BEGIN

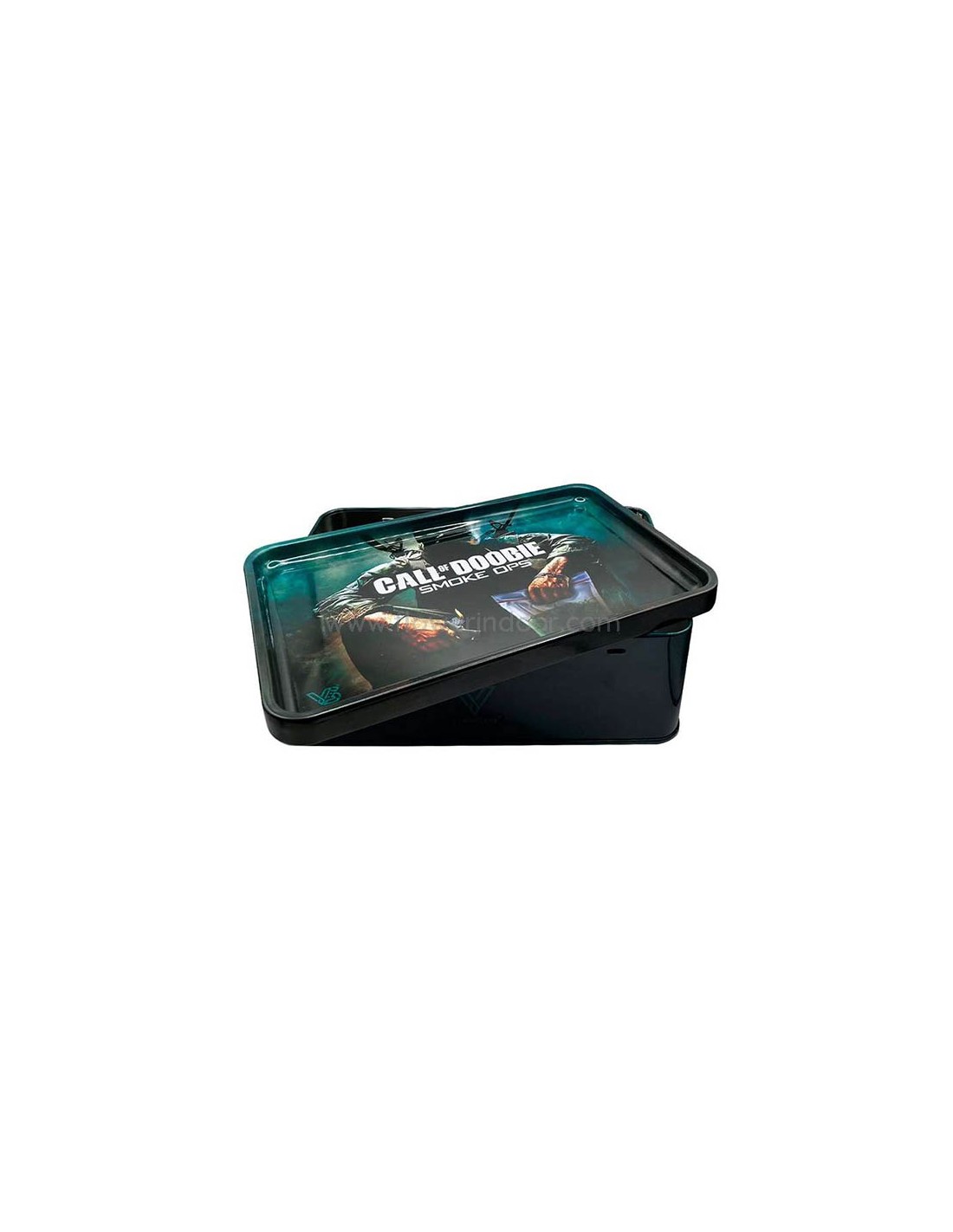 Caja metálica para guardar tus utensilios de liar, con la tapa que es una bandeja de liar.
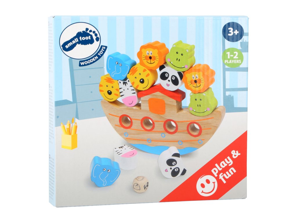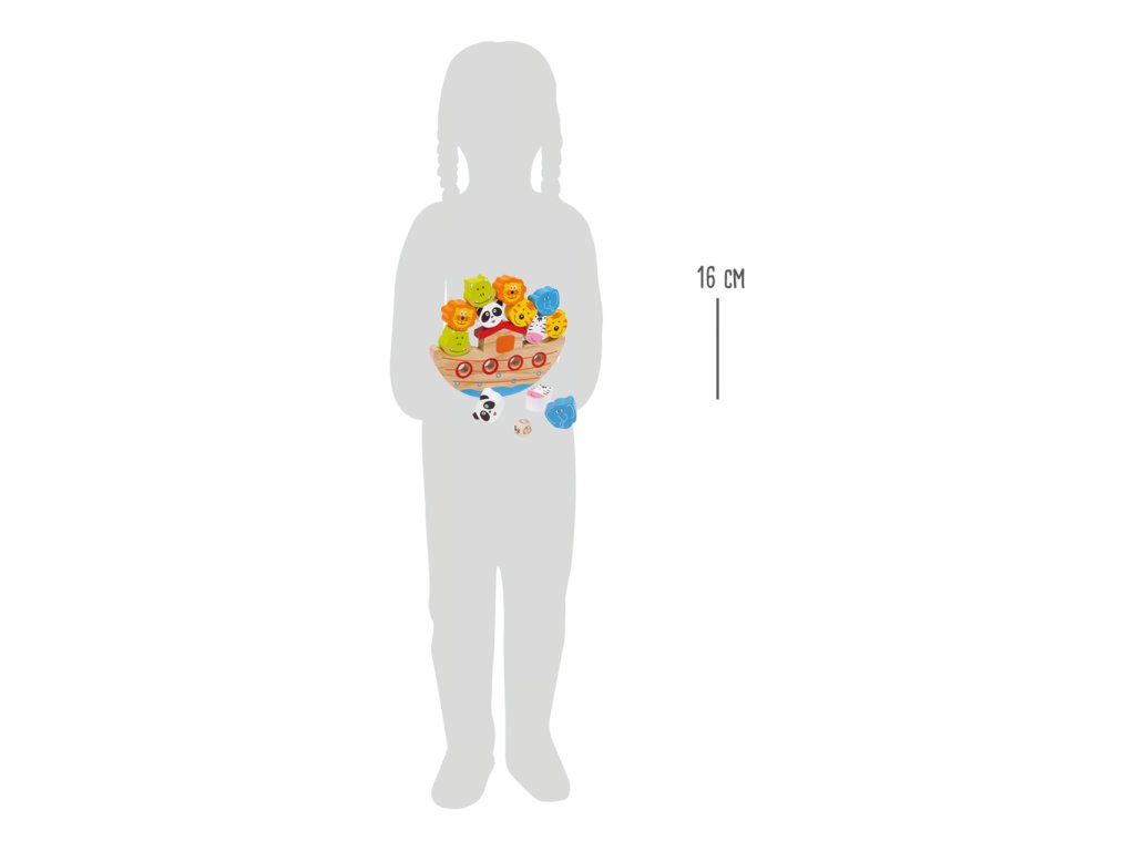 Při této hře musí být na sebe zvířata stavěna tak, aby archa nebyla vyvedena z rovnováhy a pasažéři nespadli dolů. Krásná hra na zkoušku šikovnosti z barevně lakovaného dřeva, pro trénink jemné motoriky a trpělivosti. Malá kostka určuje symboly, které zvířátko má být postaveno na archu. Lze však hrát i bez kostky, aby se tak snížila obtížnost hry. Hlavní vlastnosti: dětská dovednostní hra ze dřeva pro celou rodinu12 zvířat, archa a hrací kostkavysoce kvalitní zpracováníprocvičuje soustředění, jemnou motoriku a zručnost
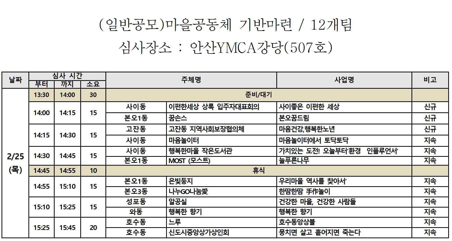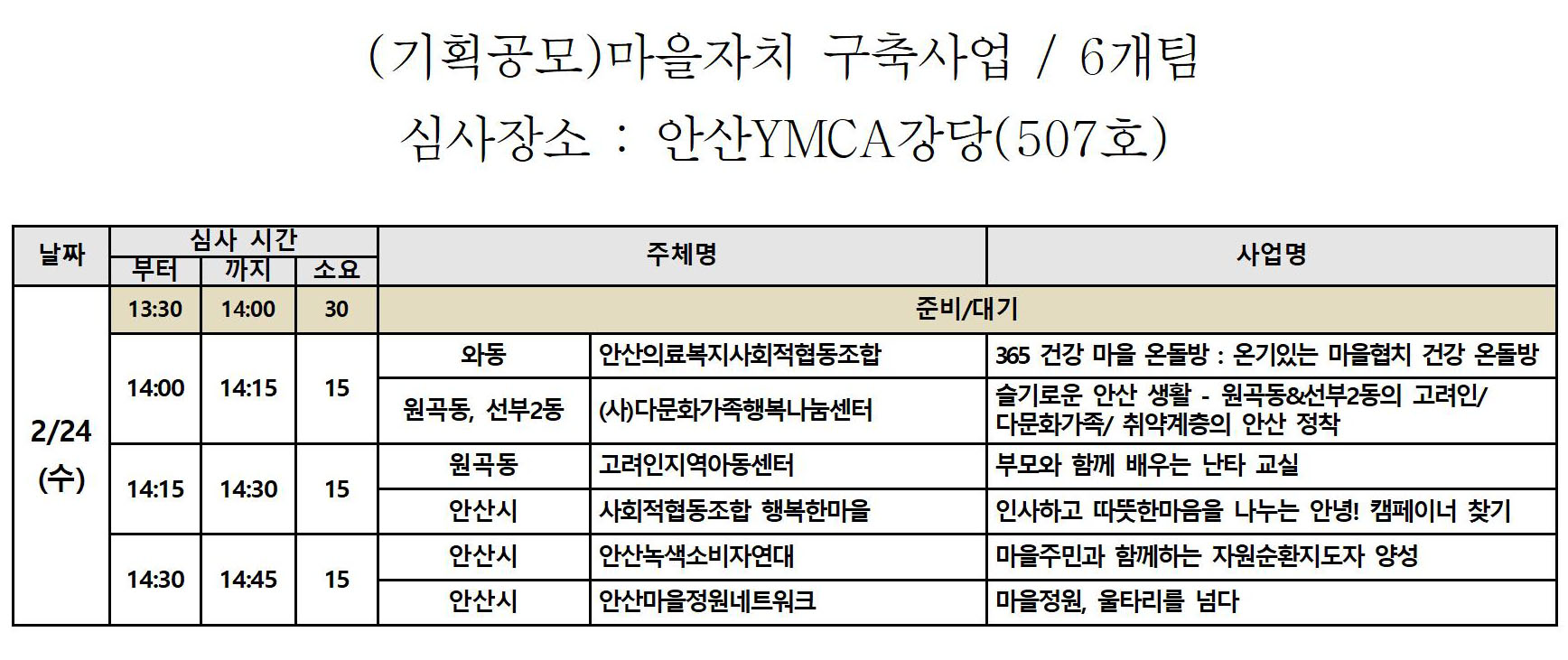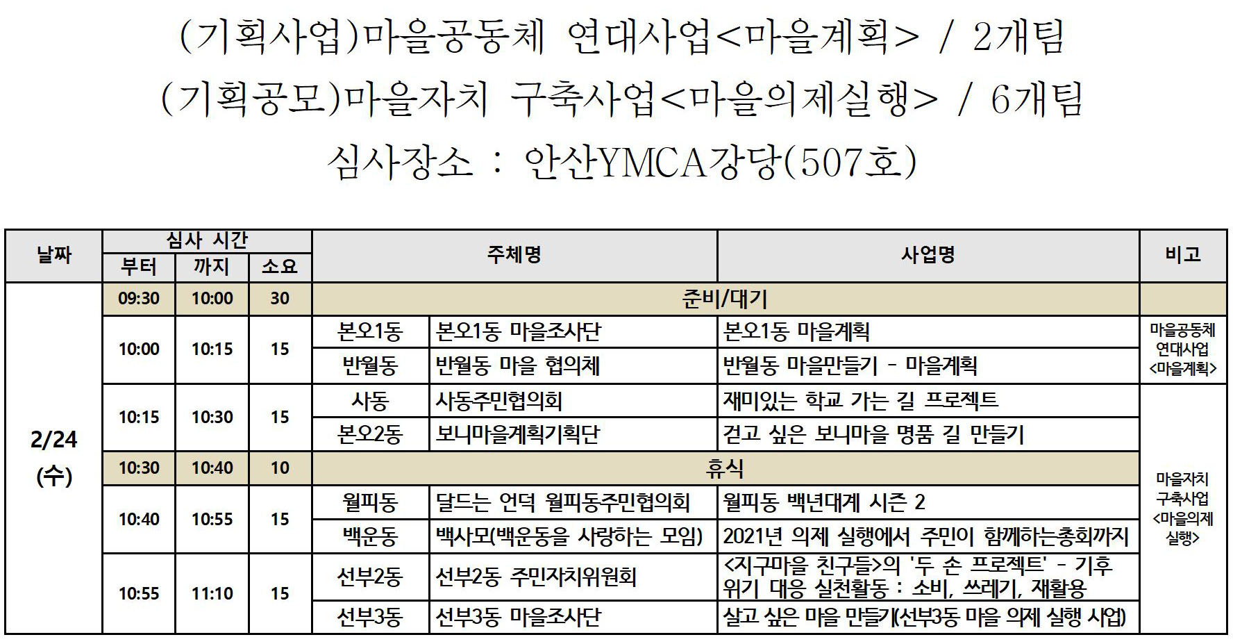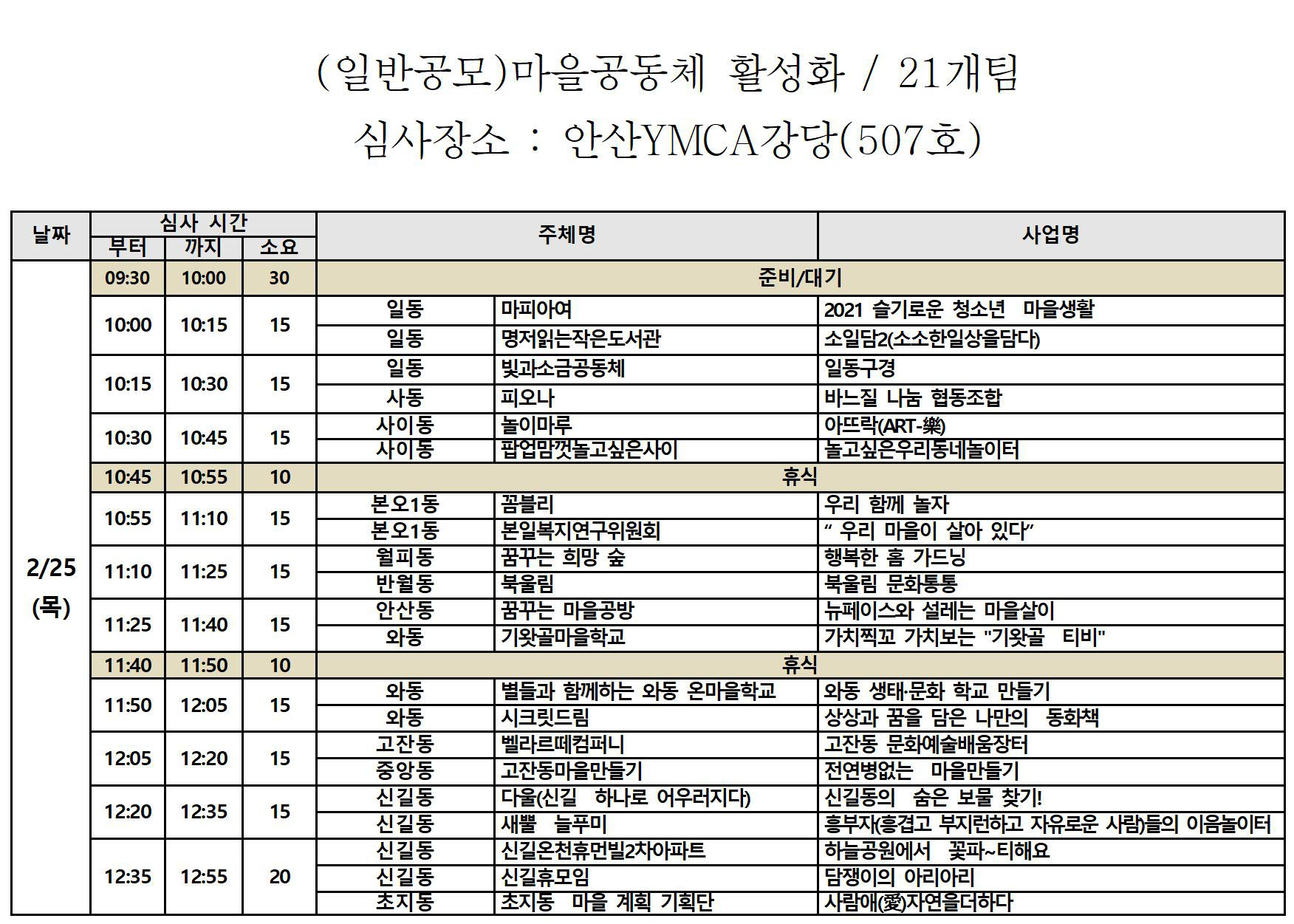 [2021년 안산시 마을만들기 주민공모사업 인터뷰 심사 안내]
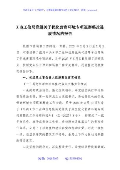 / X市工信局党组关于优化营商环境专项巡察整改进展情况的报告
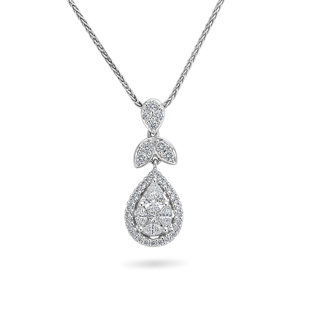 Crafted in 18ct white gold, this dazzling pendant showcases a graceful arrangement of marquise, pear, and brilliant cut mined diamonds. Designed in a fluid drop silhouette, it sparkles with every movement—blending timeless elegance with a modern edge.
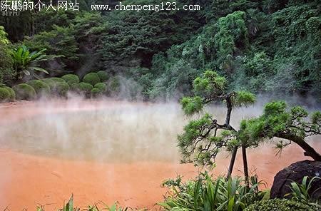 血池温泉是日本别府知名的“地狱”温泉。其壮观的景象使得慕名前来的人们驻足欣赏,忘记此处乃是洗浴场所。从图上不难发现它的奇特之处,那就是泛着血红色的泉水,好似想象中地狱的景象,而这种红色全得益于水体中富含的铁元素。
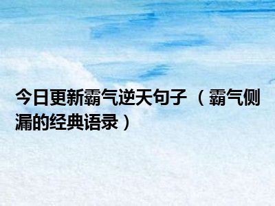 目前上述的内容应该能够为大家解答出大家对于霸气逆天句子 (霸气侧漏的经典语录)的疑惑了,所以如果大家还想要了解更多的知识内容,也可以关注本站其他文章进行了解哦。
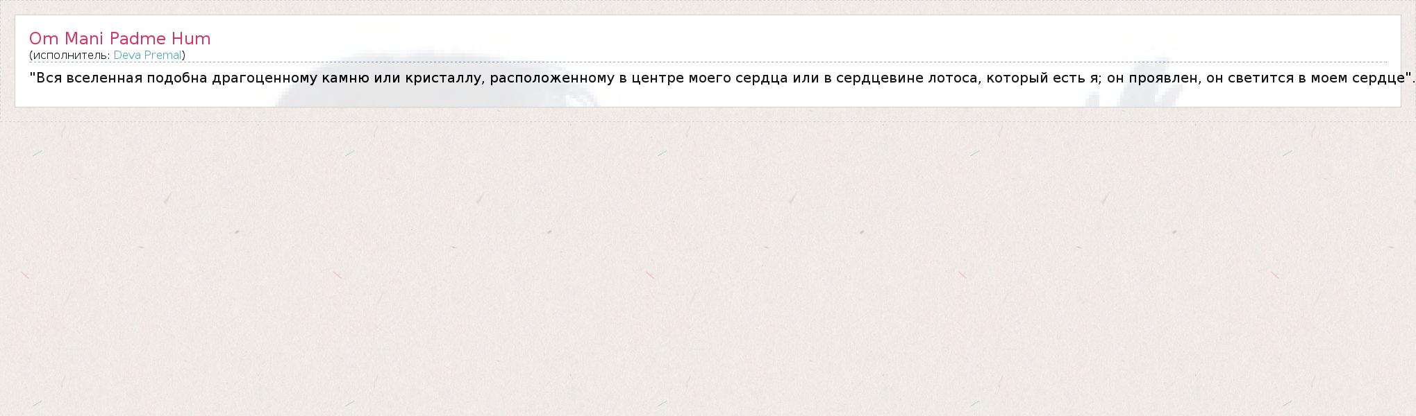 А как ты думаешь, о чем песня "Om Mani Padme Hum" ?

END

WHAT NEEDS TO BE DONE: Restate the data word for word, minus any images.

TASK RESPONSE:
 Caja metálica para guardar tus utensilios de liar, con la tapa que es una bandeja de liar.
 Při této hře musí být na sebe zvířata stavěna tak, aby archa nebyla vyvedena z rovnováhy a pasažéři nespadli dolů. Krásná hra na zkoušku šikovnosti z barevně lakovaného dřeva, pro trénink jemné motoriky a trpělivosti. Malá kostka určuje symboly, které zvířátko má být postaveno na archu. Lze však hrát i bez kostky, aby se tak snížila obtížnost hry. Hlavní vlastnosti: dětská dovednostní hra ze dřeva pro celou rodinu12 zvířat, archa a hrací kostkavysoce kvalitní zpracováníprocvičuje soustředění, jemnou motoriku a zručnost
 [2021년 안산시 마을만들기 주민공모사업 인터뷰 심사 안내]
 / X市工信局党组关于优化营商环境专项巡察整改进展情况的报告
 Crafted in 18ct white gold, this dazzling pendant showcases a graceful arrangement of marquise, pear, and brilliant cut mined diamonds. Designed in a fluid drop silhouette, it sparkles with every movement—blending timeless elegance with a modern edge.
 血池温泉是日本别府知名的“地狱”温泉。其壮观的景象使得慕名前来的人们驻足欣赏,忘记此处乃是洗浴场所。从图上不难发现它的奇特之处,那就是泛着血红色的泉水,好似想象中地狱的景象,而这种红色全得益于水体中富含的铁元素。
 目前上述的内容应该能够为大家解答出大家对于霸气逆天句子 (霸气侧漏的经典语录)的疑惑了,所以如果大家还想要了解更多的知识内容,也可以关注本站其他文章进行了解哦。
 А как ты думаешь, о чем песня "Om Mani Padme Hum" ?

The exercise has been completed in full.